Thursday, December 20, 2007

Teens and Social Media

Teens and Social Media

New Report from PEW Internet & American Life

Teens and Social Media: The use of social media gains a greater foothold in teen life as they embrace the conversational nature of interactive online media.
Content creation by teenagers continues to grow, with 64% of online teenagers ages 12 to 17 engaging in at least one type of content creation, up from 57% of online teens in 2004.

Girls continue to dominate most elements of content creation. Some 35% of all teen girls blog, compared with 20% of online boys, and 54% of wired girls post photos online compared with 40% of online boys. Boys, however, do dominate one area - posting of video content online. Online teen boys are nearly twice as likely as online girls (19% vs. 10%) to have posted a video online somewhere where someone else could see it.
While it seems we can see some gendered patterns of technology use (for example, that girls blog more - perhaps more journals and diary types of blogs), girls are starting to become more of the creators than simply users of technology - this is a good sign. What's not clear is why teen girls are less likely to post video. Is this a tech issue? Many cell phones have photo & video capabilities, but is this about the social affordance of media technology, or is this showing us a gendered tech-divide?

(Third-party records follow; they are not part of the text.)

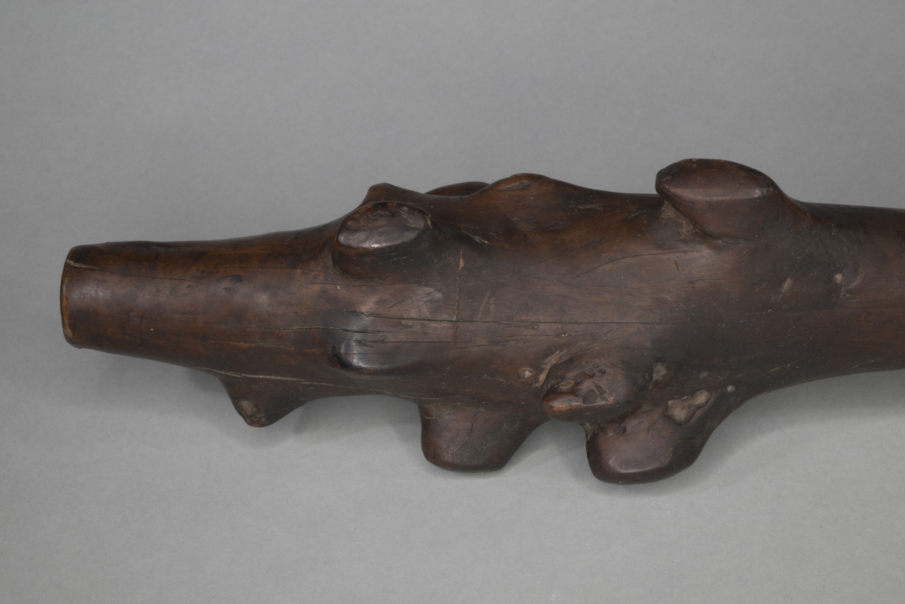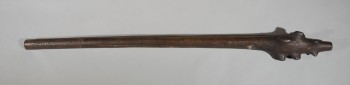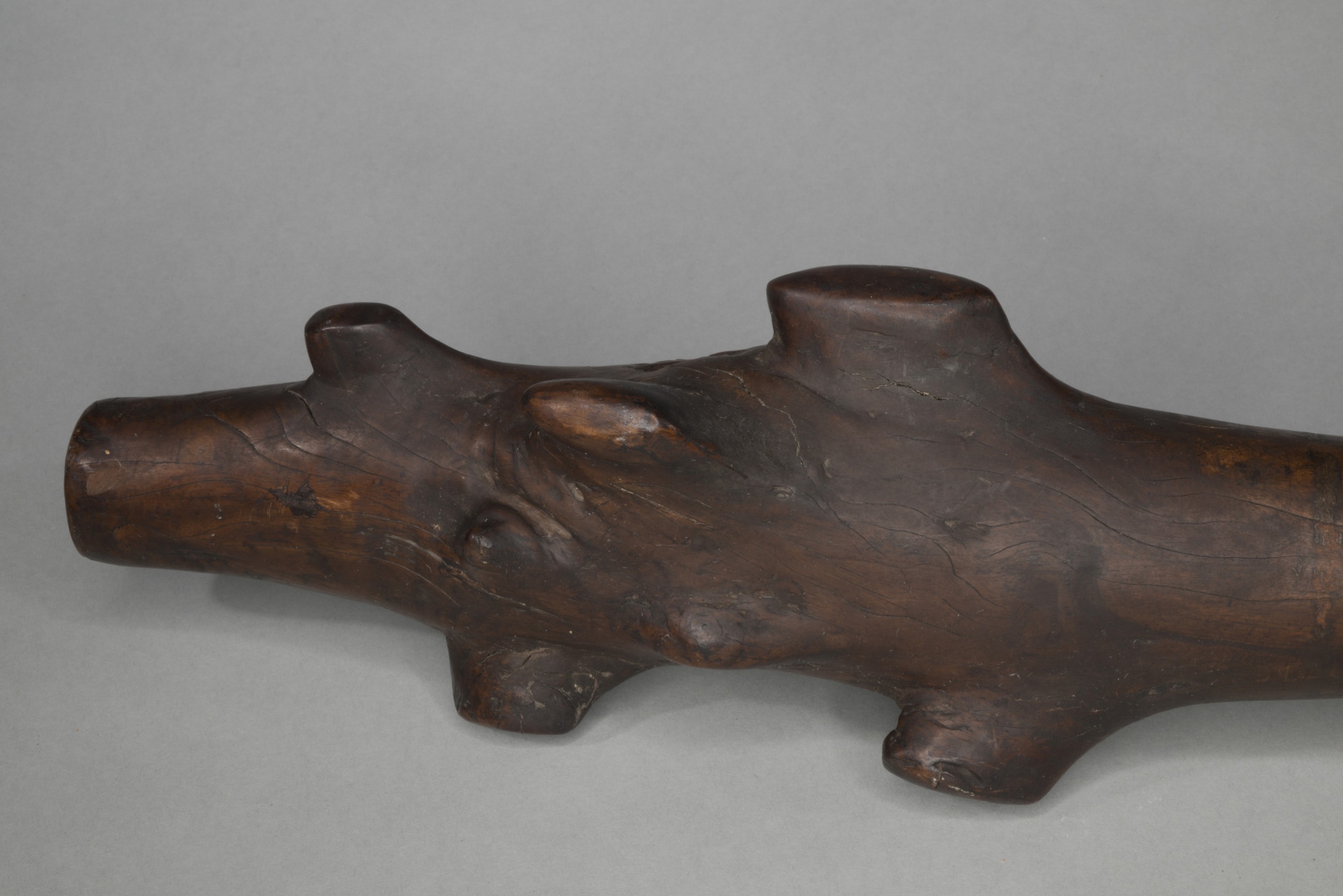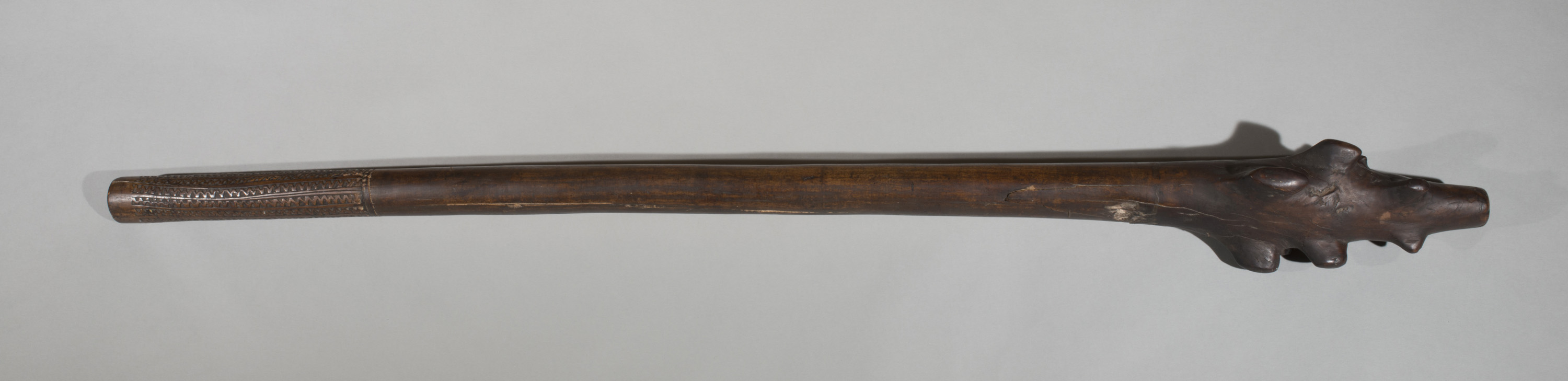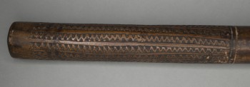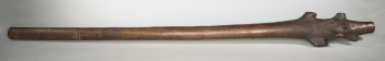 Rootstock club from Fiji. Engraving at bottom of handle: zigzag and vertical lines. Split and some cracks on one side near head.
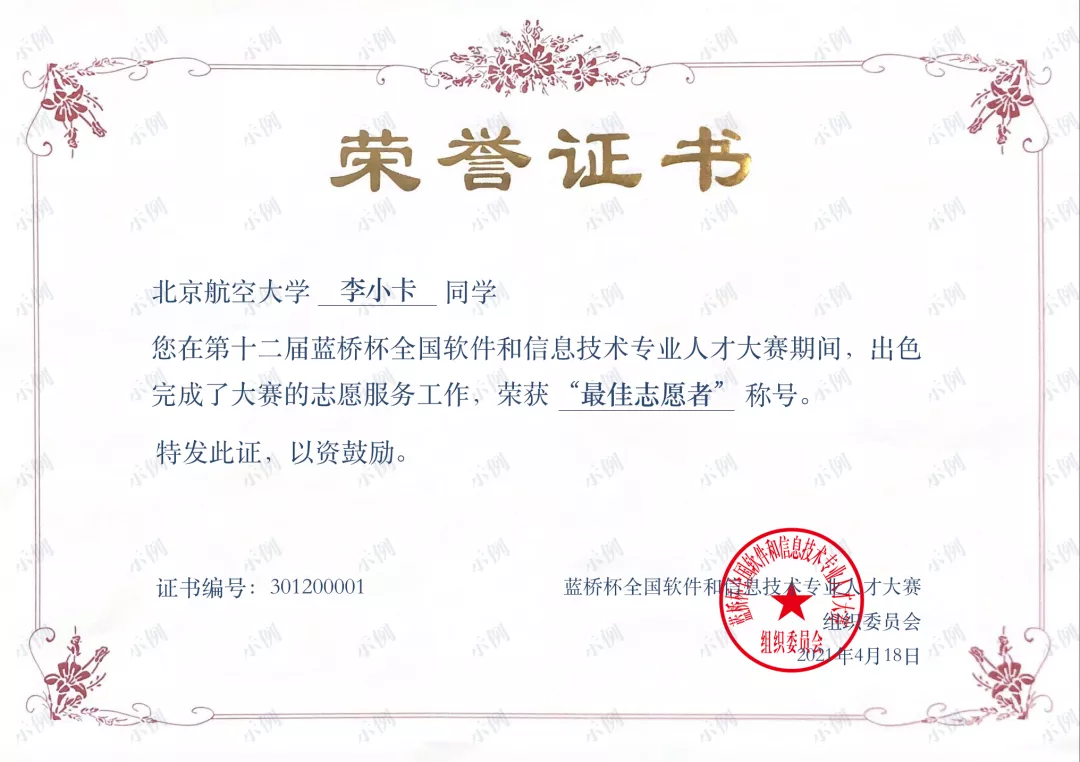 出色完成大赛志愿者服务工作的同学,可获得由大赛组委会颁发的志愿者荣誉证书。
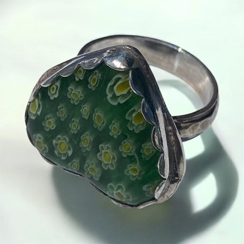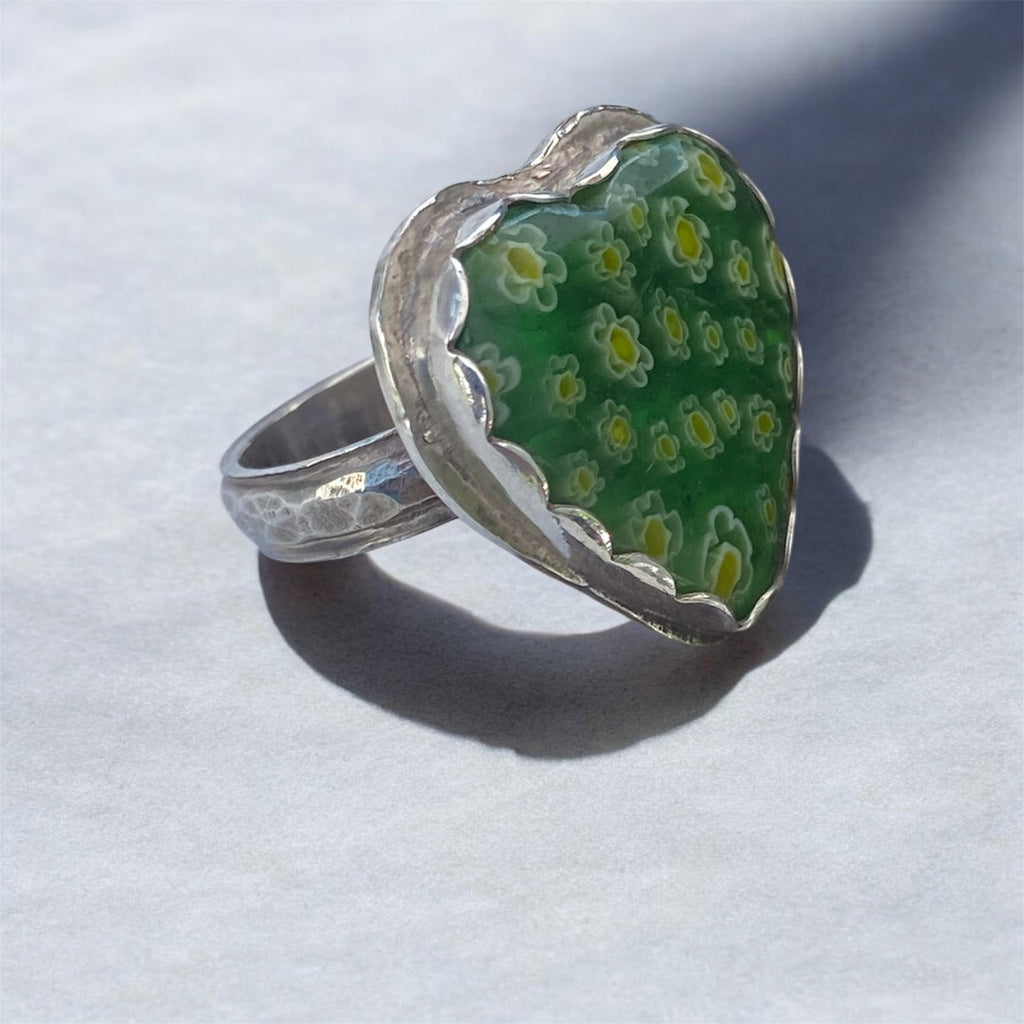 Millefiori Glass, 10.25ct translucent multicolored 12mm flat Heart predominately lime green set in solid sterling silver. I floral textured the backplate and the band is hammer textured. I set the heart with a .999 scalloped bezel. This Millefiori Green Glass Heart Ring is a comfortable Size 7.5.

Amanda Lenhart et al also note:
There is a subset of teens who are super-communicators -- teens who have a host of technology options for dealing with family and friends, including traditional landline phones, cell phones, texting, social network sites, instant messaging, and email. They represent about 28% of the entire teen population and they are more likely to be older girls.
More evidence of gendered communication patterns; girls as the communicators and kin-keepers - at any age.